If $I$ is a set and $f:I\to\mathbb R$ is a function, there is a standard definition of what it means that $f$ be summable.

One compact way of giving it is as follows. Let $\mathscr P_{\mathrm{fin}}(I)$ be the set of all finite subsets of $I$, and let $\bar f:\mathscr P_{\mathrm{fin}}(I)\to\mathbb R$ be function such that $$\bar f(A)=\sum_{a\in A}f(a)$$ for each $A\in\mathscr P_{\mathrm{fin}}(I)$. The set $\mathscr P_{\mathrm{fin}}(I)$ is partially ordered by inclusion, and with this order it is directed, so we can view $\bar f:\mathscr P_{\mathrm{fin}}(I)\to\mathbb R$ as a net in $\mathbb R$.
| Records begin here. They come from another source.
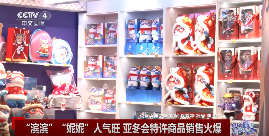 本屆亞冬會(huì)上,受到人們關(guān)心和喜愛的,除了場(chǎng)上拼搏的運(yùn)動(dòng)員,還有那對(duì)可愛的吉祥物——以東北虎為原型設(shè)計(jì)的“濱濱”和“妮妮”。亞冬會(huì)開幕以來,“濱濱”和“妮妮”人氣持續(xù)上升,帶動(dòng)相關(guān)商品熱銷。
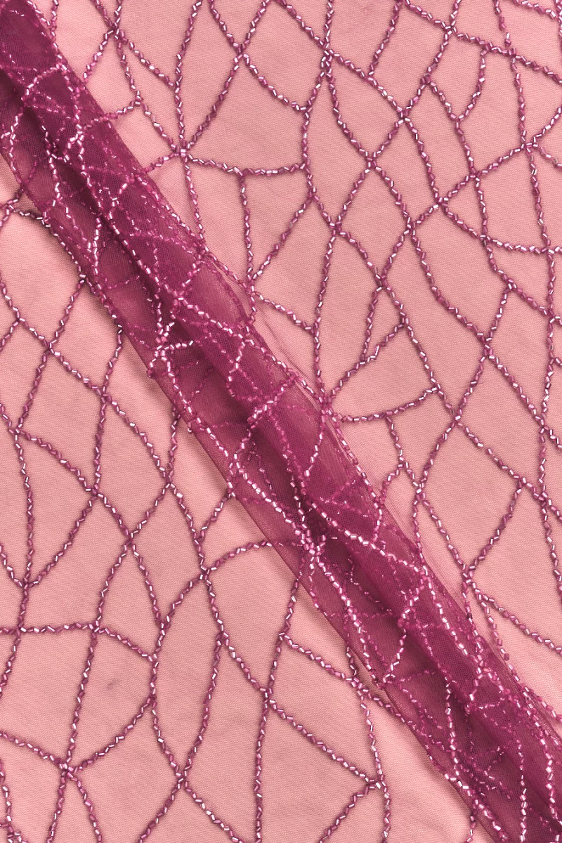 Olasz merev tüll klasszikus fülekkel, sötét rózsaszínben. Finoman díszített azonos színű hengeres gyöngyökkel. Gyémántszerű geometriai mintát alkotnak, amely a szövet egyik széle felé sűrűsödik (nincs dekoratív felület). A szövet nagyon hatékony, átlátszó (bélést igényel), nehéz, enyhén rugalmas - körkörösen varrjuk. Fantasztikus javaslat estélyi ruha, szoknya vagy blúz varrására egy nagyon érdekes kiadásban.
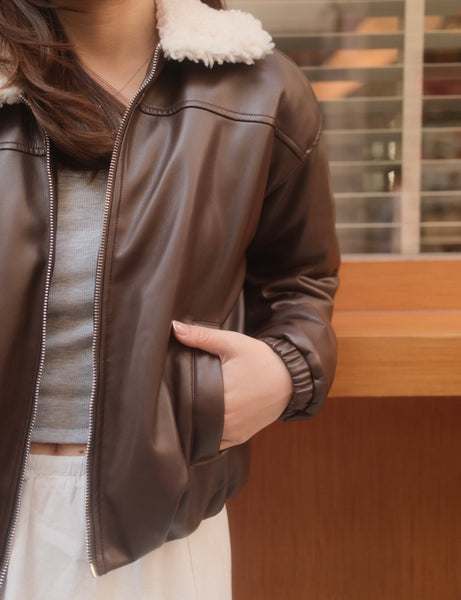 Girls Faux- Fur Collar Vegan Leather jacket
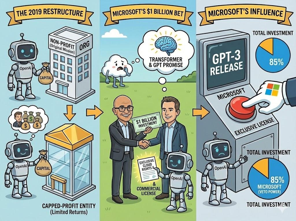 事情的转机来自第二年,OpenAI做出了一项重大决策,将公司结构进行重组,保留原先的非营利组织,但在其下方设立一个新的利润上限实体。
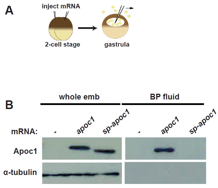 Fig. S3. Apoc1 mutant lacking signal sequence cannot be secreted. (A) Schematic drawing of the Apoc1 secretion experiment. mRNA was injected at the two-cell stage. The blastopore fluid was collected at the gastrula stage and subjected to western blot (WB) analysis to determine whether mutant flag-tagged Apoc1 protein (lacking signal sequence) is secreted from cells during embryonic development. (B) Apoc1, but not mutant protein was detected by WB in the blastocoel fluid after injection of 500pg of flag-tagged apoc1 or flag-tagged mutant apoc1 mRNA. The tubulin blot shows that there is no cellular contamination in the blastopore fluid. |
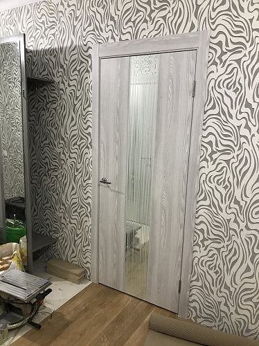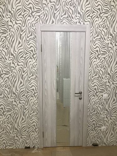 Дверь ПО EXZ 6E Клен айс стекло зеркало с рисунком из Экошпона COVERFLEX (Двери Нева) в Сортавале с установкой и доставкой
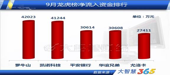 9月龍虎榜中,資金凈流入的前5個(gè)股分別是羅牛山、凱諾科技、平安銀行、華誼兄弟以及尤洛卡。在機(jī)構(gòu)及游資的追捧下,這五只個(gè)股也表現(xiàn)不俗。其中羅牛山是土改概念股,華誼兄弟是文化傳媒股。十八屆三中全會(huì)上極有可能出臺(tái)土改政策利好,而文化傳媒板塊既有政策扶持,又有優(yōu)秀的業(yè)績支撐,這兩個(gè)板塊成為資金追逐的熱點(diǎn)在情理之中。凱諾科技為重組概念,重組概念股一貫就是市場青睞的對(duì)象。

We say that the function $f$ is summable if the net $\bar f$ converges, and the limit of the net is by definition the sum of $f$. This notion extends absolute summability of series; I am not aware of any sensible meaning of conditional summability of such a family -- so I don't think one deals at all with "cancellation".

Now, since $\mathbb R$ is a topological space with a denumerable basis, one can easily check that

if a function $f:I\to\mathbb R$ is summable according to this definition, then the set $\{i\in I:f(i)\neq0\}$ is countable.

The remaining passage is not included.